Saturday, January 7, 2017

A Window

My day today has thus far looked an awful lot like yesterday. Last night I sent Joanna a text saying, in effect, “I don’t think I’m sick but I feel like I’m fighting something off. Just so you know.”
Her response was that she’d call out today. I do not blame her. It is important to keep the little ones healthy and while I was really looking forward to having Maddie today, I would not want to be guilty of inadvertently passing something on to her.
Look at this! I decided this poor spider needed to be transplanted not realizing it was in a pot in a pot.

I didn’t get up as early today. Just before six rather than sometime between four and five. I still didn’t sleep as well as I’d’ve liked and although the idea of staying in bed was nice in some ways, in others it was not.
This is what it looked like inside the pot inside the pot. I had to tear the roots that were between the pots off. Poor thing.
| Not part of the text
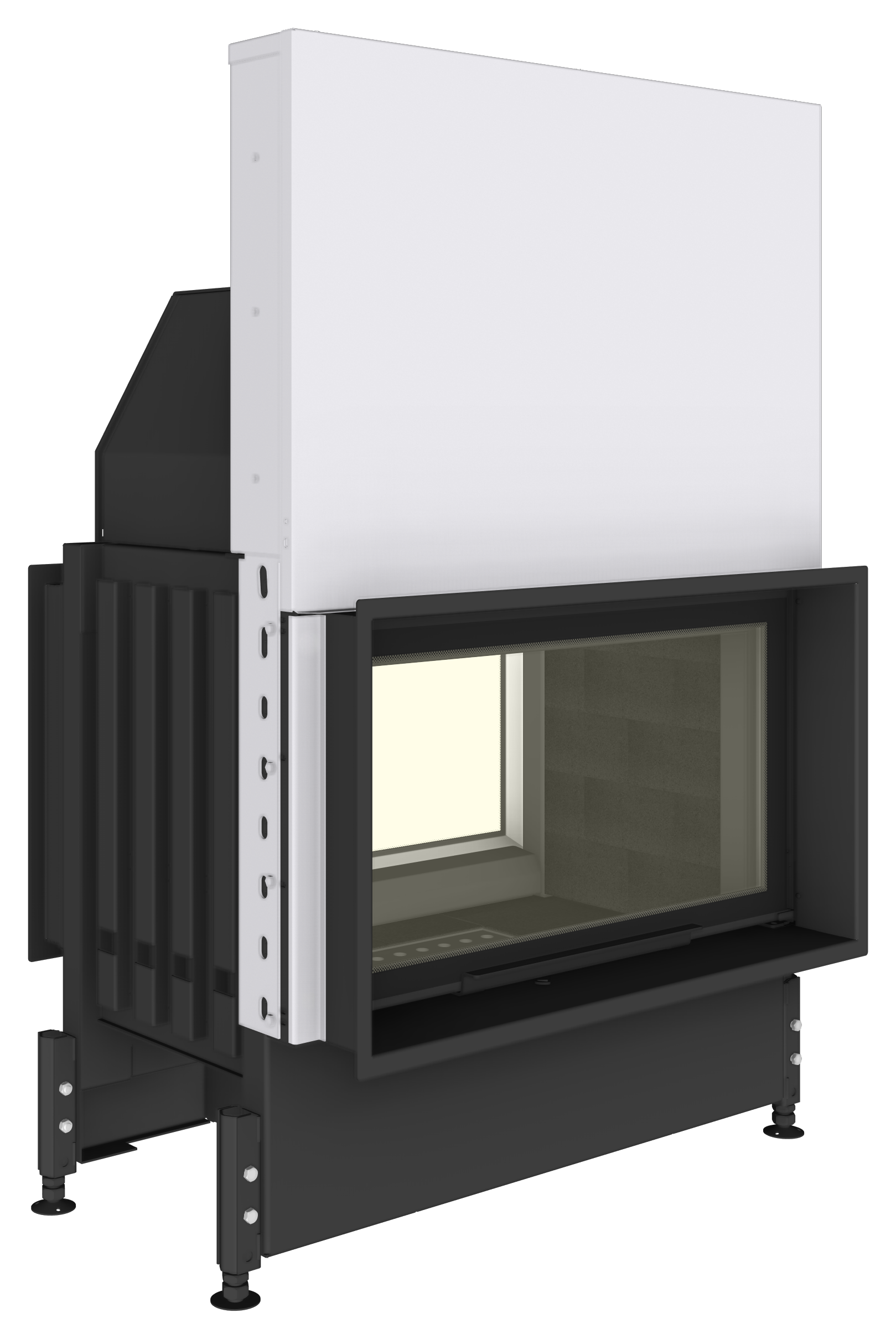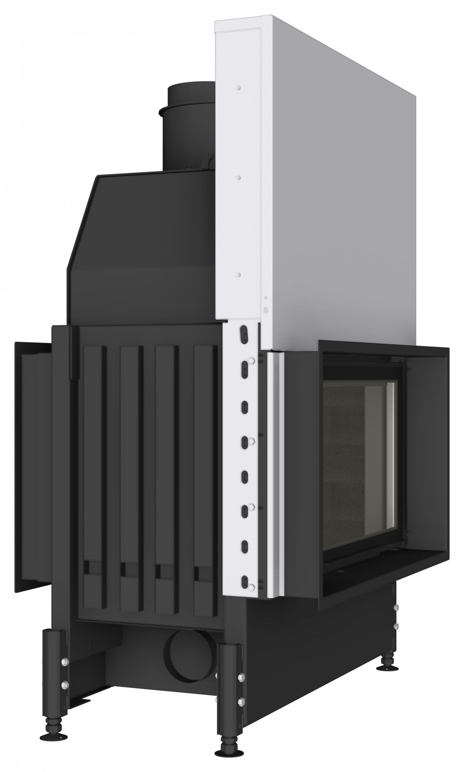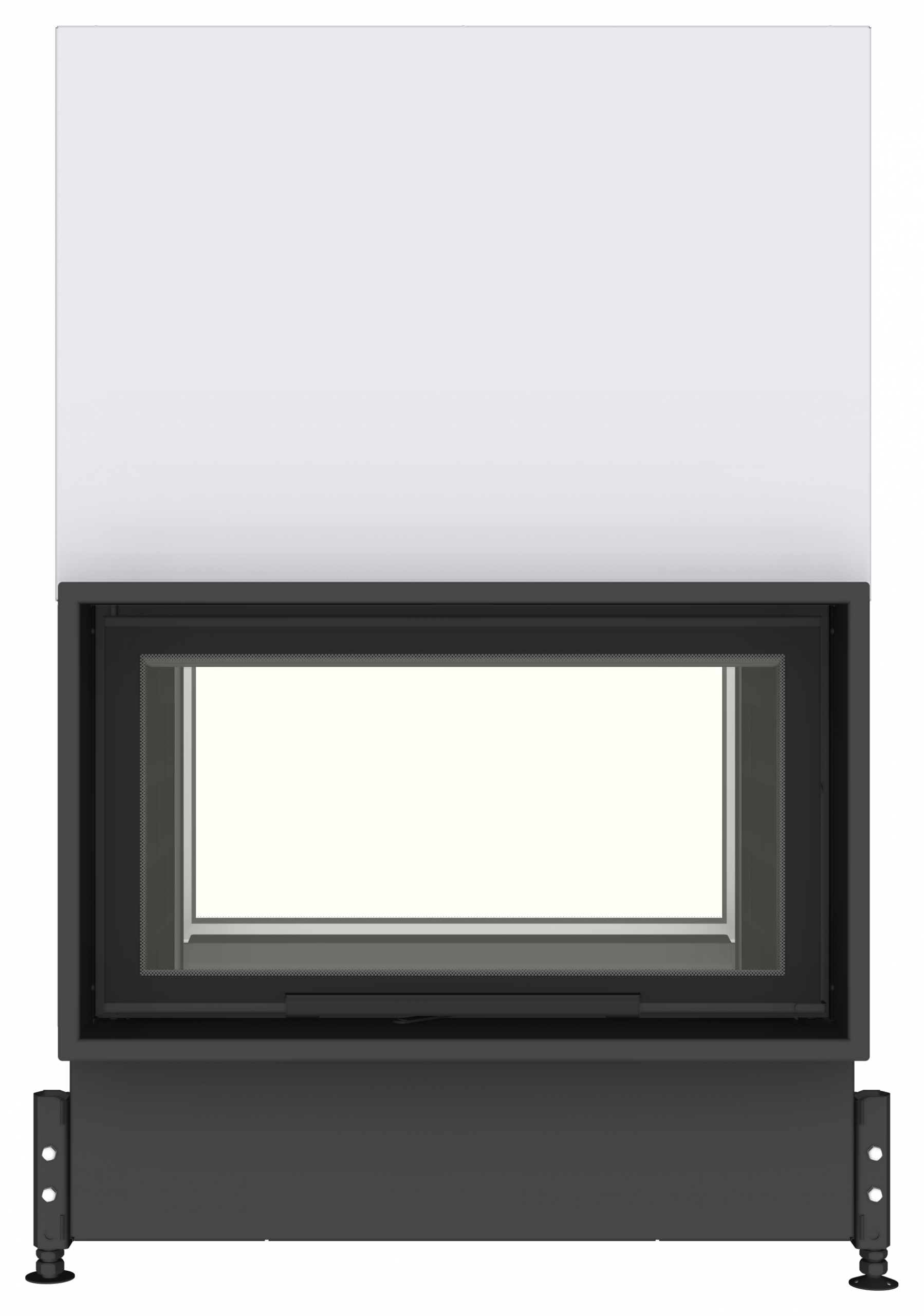 Dans la gamme d’inserts double-face, il est possible sur demande de commander d’autres tailles allant de 50 cm à 130 cm de large. Ces inserts à porte relevable sont tous disponibles également en version ouverture latérale (STABIL O 73) et toujours avec le même degré de personnalisation. Enfin, chaque insert double face possède son équivalent dans d’autres formes comme les foyers en épi qui eux aussi permettent de séparer une pièce en 2 parties. Exemple d’insert en épi (STABIL O/2R90 90).

I’ve had two cups of tea and one of hot chocolate. The two cups of tea are the same as the first two from yesterday. The hot chocolate has habanero in it. The goats are fed and watered and Zoey is milked. Not only did Joseph have tea this morning, so did Amena and Tyler (who spent the night). They all and Seth had breakfast. I’ve folded three or four loads of laundry and washed two. One is in the drier, the other is waiting. I’ve washed dishes although there are a few more dirty now.
I was thinking about using the square red pot but decided the big black one would be better.

All I really want to do is knit and work on paperwork but if I sit, I feel like I’m freezing. If I’m up moving around, I feel fine. I know it is cold in the house but still…
Maybe I should make bread. The only problem is that all the kinds I really want to make require starting a sponge or starter the night before.
I think it's much happier now. What do you think? This was on September 29, by the way.

Maybe I should take a shower. That will warm me up a bit. The only problem with that is that Amena needs a ride to work in ten or fifteen minutes. When I get back from that, I probably will take one.
No matter what happens, there are always lots of things to do. Always lots of things to do that I don’t really want to. Always lots of things that I do want to do. Never enough time for everything.

Right now I’m drinking hot chocolate and thinking about the many things to do. And wondering about things. Life surely is interesting, isn’t it?